At its core, MCP standardizes how models discover and use tools. A model can:
  • List tools exposed by a server (through a manifest)
  • Call tools with structured input/output over JSON-RPC 2.0
  • Access resources like files, APIs, or context data
  • Use prompts (predefined templates or instructions)
  • Request elicitation, which lets the server ask the user for missing information mid-execution
Think of it this way: tools give models hands, prompts give them direction, resources give them knowledge, and elicitation adds a human-in-the-loop safety valve.
In practice, this makes MCP servers incredibly powerful. Just a few lines of JSON can teach a model to order a pizza or interact with almost any external system.

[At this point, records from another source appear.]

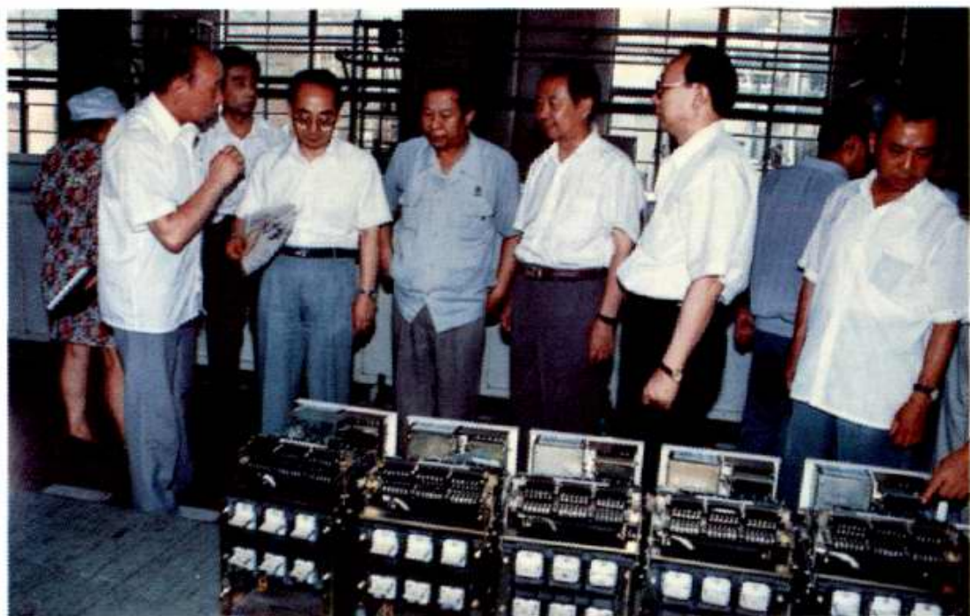
原机械工业部部长包叙定（前左二）1997年7月31日到北开调研。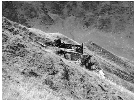
Ruïna del punt de partença del cable aeri (segle xx). Foto Andreu Balent, agost de 2017

De 1941 a 1944 foren presents a la mina del Pimorent, a més d'uns joves de la vall de Querol, uns elements del 407 e Groupement de Travailleurs Étrangers de Perpinyà, sobretot uns refugiats espanyols de La Retirada. També el 1943 i el 1944 foren incorporats a la plantilla joves requisats del STO (Service du travail obligatoire) de Perpinyà i de la Catalunya del Nord. La mina va acabar per inserir-se del tot al marc de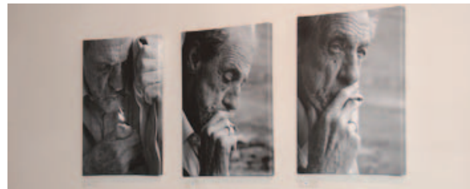
STILLER UT: Utstillingar av både lokal og regional kunst er ein del av tilbodet på Ekspedisjonen.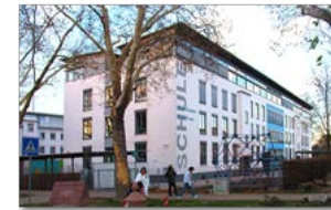
Anne-Frank Grundschule Offenburg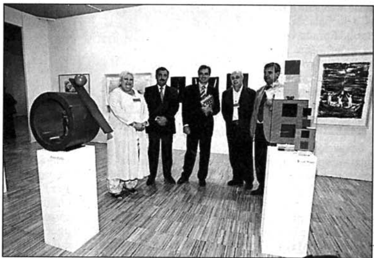
'Stand' de Guaita con las autoridades locales.

Quasars y Guaita son las galerías mallorquinas que han apostado por ArtSantander y sus propuestas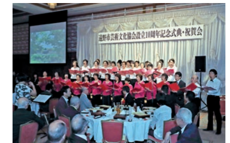
映像に合わせて美しい歌声を響かせる合唱団

市内55の芸術文化団体が構成する同協会の設立10周年を祝う式典は、あえりあ遠野で行われました。式典では、協会の活動に尽力した16人に感謝状が贈られ、これまでの歩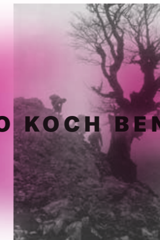
LAINOA / NIEBLA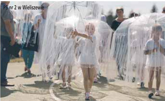
PS nr 2 w Wieliszewie

The Vulnerability Landscape

MCP inherits the weaknesses of any software system - insecure shells, weak authentication, supply-chain risks, but it also introduces vulnerabilities unique to large language models. Traditional flaws are serious but well understood. What’s new, and uniquely dangerous, are the attacks that exploit how LLMs follow instructions without question.
That’s why I’ll focus on two case studies: the GitHub MCP exploit and the WhatsApp “Fun Fact” tool. Both show how MCP can turn the model’s greatest strength , obediently executing instructions, into its biggest liability.

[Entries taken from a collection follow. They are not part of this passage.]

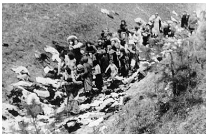
Pred popravou sa budúci zavraždení museli vyzliecť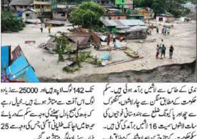
سکرم میں سیلاب سے اب تک 56 افراد ہلاک

3 ہزار سیاح چھین گئے ہیں، اچانک طغیانی کی وجہ سے 25 ہزار سے زیادہ لوگ متاثر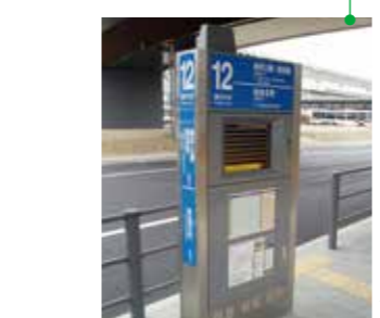
バスの位置情報や到達予測時間が分かるようになった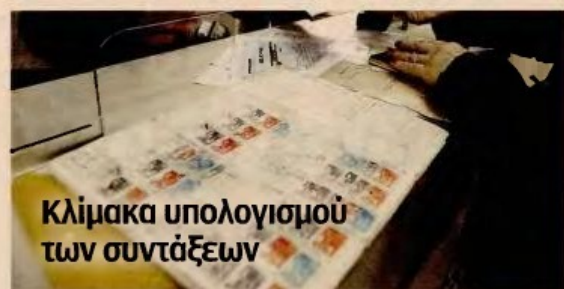
Κλίμακα υπολογισμού των συντάξεων

Μάλιστα, οι εκκρεμότητες που υπάρχουν συνδυάζονται με τα ελλείμματα και αφορούν τη χορήγηση του εφάπαξ βοηθήματος, την εφαρμογή του συντελεστή

Prompt Injection & Tool Poisoning

Hidden instructions embedded within user input, issues, or tool descriptions can cause LLM agents to act in unexpected and dangerous ways.

GitHub MCP Exploit

Researchers Marco Milanta and Luca Beurer‑Kellner (Invariant Labs) revealed an exploit where an AI agent, through the GitHub MCP, was tricked into carrying out hidden instructions. The model’s role was simply to review open GitHub issues. When given a routine request like “check open issues,” it read this seemingly harmless entry:
a screenshot of a Github issue
Github issue with malicious instructions
The phrase “all repos they are working on” led the agent to list private repo names and publish them in a pull request, making private data public without the user’s request or approval. Simon Willison later dubbed this the “lethal trifecta”: access to sensitive data, exposure to malicious instructions, and a built-in channel to exfiltrate results.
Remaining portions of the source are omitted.